Pakistanis adrift on an ocean of misery: Tim McGirk follows the wave of death and devastation that is sweeping across the land
Friday 18 September 1992
The Pakistan army helicopter circled in on a house no bigger than a raft, where a donkey was up to his neck in muddy water because there was no space for the animal on the roof. A farmer's family huddled on the roof. Some stood on a rope-framed bed, and the children balanced on a wall next to a bright circle of tomatoes.
In the helicopter, one of the airmen heaved out a bundle of food to the starving flood survivors below. There was bread, apples and two large bags of dried nuts that burst open in mid-air and rained down, irretrievably, into the trees and the floodwater. The farmer stood motionless, in water up to his chest, as though he had been turned into stone by this final misfortune.
Only from the air is it possible to comprehend the devastation that this past week of floods has caused to Pakistan. Punjab means 'Land of Five Rivers', but it seemed as though these five rivers had merged to become one gigantic river flooding everything inwards from the horizon. In this aquatic landscape houses have simply dissolved. Mango groves disappeared like dots receding across a brown page. And, every so often, a man appeared, either swimming, wading or punting across a broad expanse of water in a wobbly basket, while a flock of white egrets scattered.

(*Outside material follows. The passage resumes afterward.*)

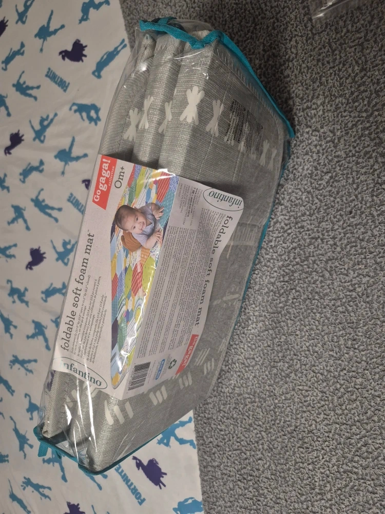 This Infantino foldable soft foam mat is brand new in its original packaging! It's perfect for babies aged 0 months and up. The mat measures approximately 4.82 ft x 4.82 ft (1.47 m x 1.47 m) when open, providing a large and safe play area for your little one
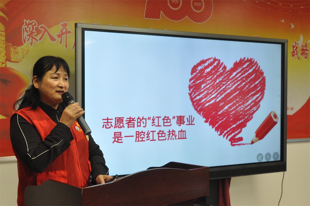 此次活动邀请了株洲市第四届道德模范、“湖南好人”田颖作主题演讲。田颖是原中盐株化集团公司的内退职工、中共党员,已过花甲之年的她,依然充满着自信与活力。她坚持无偿献血17年,累计献血8.86万毫升,相当于20个成年人的血液总量,是株洲市女子献血冠军。她还热心公益事业,积极参加各种志愿服务活动,目前担任株洲市荷塘区“小茨微檬”志愿服务中心理事长、党支部书记。

In Britain it is big news if nine people die in a flood. But here in the sub-continent, disasters tend to occur on a more epic scale, a wider panorama. So far, more than 2,000 Pakistanis have perished in these floods, and another 1,000 people died from the same heavy rainstorm which also hit northern India.

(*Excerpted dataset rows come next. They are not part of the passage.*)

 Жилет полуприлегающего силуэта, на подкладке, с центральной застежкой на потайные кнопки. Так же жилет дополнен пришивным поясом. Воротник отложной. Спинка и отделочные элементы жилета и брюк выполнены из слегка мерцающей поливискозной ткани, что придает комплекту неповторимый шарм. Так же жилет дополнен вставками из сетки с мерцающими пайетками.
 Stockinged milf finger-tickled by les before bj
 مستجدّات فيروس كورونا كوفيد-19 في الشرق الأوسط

Yet these flood victims exhibit a stoicism forged by many tragedies. They get on with it. Nobody seems to mind, for example, when a vendor decides to sell his fritters to a crowd gathered at the end of a broken dyke to see three farmers try to swim across a murderous current. Many farmers here in Panjnad refused to be evacuated, preferring to stay inside the earthen corrals around their huts or, if that puny defence is demolished by the waters, simply to cling from the nearest tree. 'It's very difficult to pull them out of these places,' said Major Ashgar Shiraz, an army spokesman in Multan. 'Many of them refuse to leave.' In Pakistan, 2,900 villages have been flooded, and much of the country's richest farmland has been devastated. Agriculture experts claim that most of Pakistan's cotton crop, which provides 50 per cent of export earnings, was destroyed by flood waters. The floods are expected to reach Sind today, causing more destruction before spilling into the Arabian Sea. The floods have swept across Pakistan from the Himalayas like an invading army. Since the waters thundered out of the Kashmir mountains, the Pakistan military's strategy has been to combat the tide by blasting open the dykes and river banks. This way fields are flooded but the towns, cities, major dams and bridges are spared.

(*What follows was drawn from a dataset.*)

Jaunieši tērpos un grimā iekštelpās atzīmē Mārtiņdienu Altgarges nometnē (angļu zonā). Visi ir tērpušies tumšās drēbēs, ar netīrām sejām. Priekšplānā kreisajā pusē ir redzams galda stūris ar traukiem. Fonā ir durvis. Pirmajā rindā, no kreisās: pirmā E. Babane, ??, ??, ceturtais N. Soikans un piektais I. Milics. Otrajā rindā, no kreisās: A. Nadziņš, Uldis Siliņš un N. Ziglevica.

Helicopters were used to drop in soldiers armed with shovels. Trains and lorries loaded with stones were rushed to fortify the embankments around towns and cities of Sind and Punjab. This mobile defence worked well until the floods hit Muzaffargarh, a town of 50,000 inhabitants in southern Punjab. There, the combined forces of the Ravi, Jhelum and Chenab rivers punched through the army's defensive perimeter of earthen dams and ate away half of the town.
It had been evacuated several hours earlier and the refugees sat on a long sliver of land with their beds, blankets and useless television sets and watched their houses crumble away in the swirling current. A floodgate at Panjnad, regarded as a potential risk, resisted the torrent, which came within three feet of demolishing it.
The next battle for army engineers will be farther south, as the flood pours into Sind. There, at Guddu, a power plant on the banks of the Indus river stands in danger of being washed away. The flood waters also threaten to destroy a major irrigation network and cut road and rail links between Karachi, Pakistan's major industrial city, and the rest of the drenched country.